• [DATASET SECTION]
▽
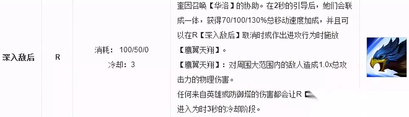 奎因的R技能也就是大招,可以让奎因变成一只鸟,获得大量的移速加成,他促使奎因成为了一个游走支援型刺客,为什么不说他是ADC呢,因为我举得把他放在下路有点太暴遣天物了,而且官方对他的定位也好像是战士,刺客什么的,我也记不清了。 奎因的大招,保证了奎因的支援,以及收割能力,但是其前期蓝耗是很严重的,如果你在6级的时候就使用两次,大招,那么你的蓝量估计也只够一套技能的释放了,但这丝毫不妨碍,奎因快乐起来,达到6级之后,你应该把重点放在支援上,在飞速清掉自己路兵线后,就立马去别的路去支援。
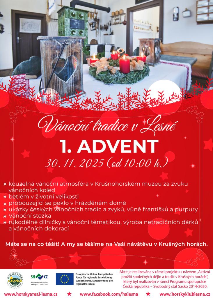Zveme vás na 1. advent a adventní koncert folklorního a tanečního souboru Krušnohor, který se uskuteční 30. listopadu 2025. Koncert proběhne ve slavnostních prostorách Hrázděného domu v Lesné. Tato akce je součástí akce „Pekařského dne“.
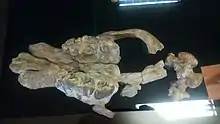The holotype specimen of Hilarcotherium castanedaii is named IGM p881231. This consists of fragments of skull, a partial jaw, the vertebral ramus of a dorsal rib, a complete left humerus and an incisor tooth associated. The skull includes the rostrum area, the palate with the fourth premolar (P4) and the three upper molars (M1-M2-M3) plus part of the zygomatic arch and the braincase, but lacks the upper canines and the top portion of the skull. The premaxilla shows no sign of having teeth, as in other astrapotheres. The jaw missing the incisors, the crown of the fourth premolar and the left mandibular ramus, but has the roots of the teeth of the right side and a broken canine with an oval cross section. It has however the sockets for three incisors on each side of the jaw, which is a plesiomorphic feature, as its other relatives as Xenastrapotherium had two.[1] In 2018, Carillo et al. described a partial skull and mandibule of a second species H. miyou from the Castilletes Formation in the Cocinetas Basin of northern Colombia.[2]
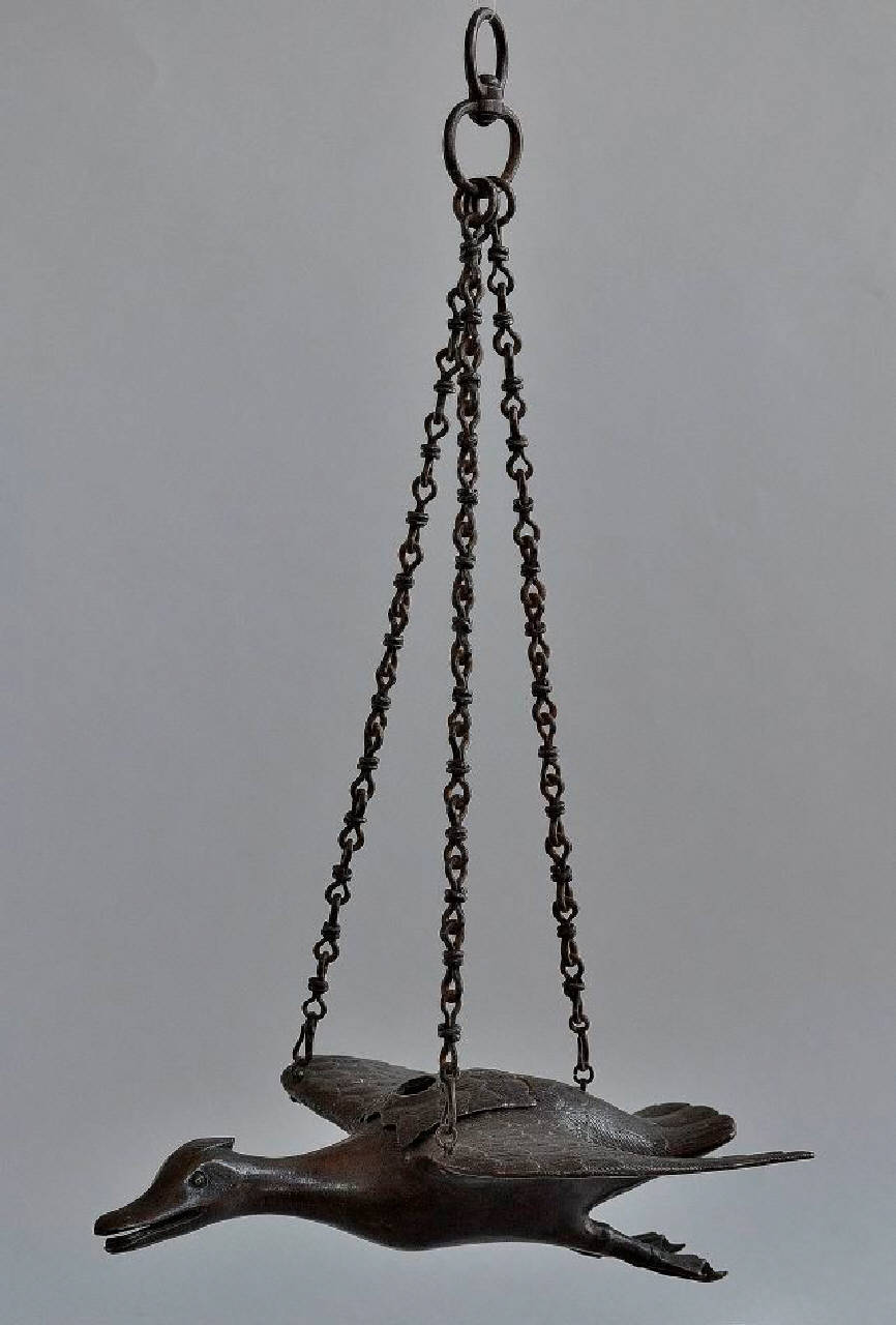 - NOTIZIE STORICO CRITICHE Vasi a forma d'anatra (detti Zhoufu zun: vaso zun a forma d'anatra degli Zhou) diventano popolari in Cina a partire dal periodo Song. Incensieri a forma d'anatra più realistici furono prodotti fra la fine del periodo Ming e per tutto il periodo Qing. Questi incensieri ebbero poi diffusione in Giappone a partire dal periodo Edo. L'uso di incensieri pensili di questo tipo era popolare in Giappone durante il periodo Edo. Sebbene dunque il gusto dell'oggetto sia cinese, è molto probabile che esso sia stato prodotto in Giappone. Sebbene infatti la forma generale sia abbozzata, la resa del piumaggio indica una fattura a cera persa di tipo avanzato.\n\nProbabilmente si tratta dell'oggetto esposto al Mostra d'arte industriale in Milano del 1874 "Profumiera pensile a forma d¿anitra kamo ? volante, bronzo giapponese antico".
△
• [ABOUT THIS EXERCISE] What is needed is the exact run of lines from the start of the data through the line with "Zveme vás na", both ends included, minus the pictures.

• [OUTPUT OF THE EXERCISE]
 奎因的R技能也就是大招,可以让奎因变成一只鸟,获得大量的移速加成,他促使奎因成为了一个游走支援型刺客,为什么不说他是ADC呢,因为我举得把他放在下路有点太暴遣天物了,而且官方对他的定位也好像是战士,刺客什么的,我也记不清了。 奎因的大招,保证了奎因的支援,以及收割能力,但是其前期蓝耗是很严重的,如果你在6级的时候就使用两次,大招,那么你的蓝量估计也只够一套技能的释放了,但这丝毫不妨碍,奎因快乐起来,达到6级之后,你应该把重点放在支援上,在飞速清掉自己路兵线后,就立马去别的路去支援。
Zveme vás na 1. advent a adventní koncert folklorního a tanečního souboru Krušnohor, který se uskuteční 30. listopadu 2025. Koncert proběhne ve slavnostních prostorách Hrázděného domu v Lesné. Tato akce je součástí akce „Pekařského dne“.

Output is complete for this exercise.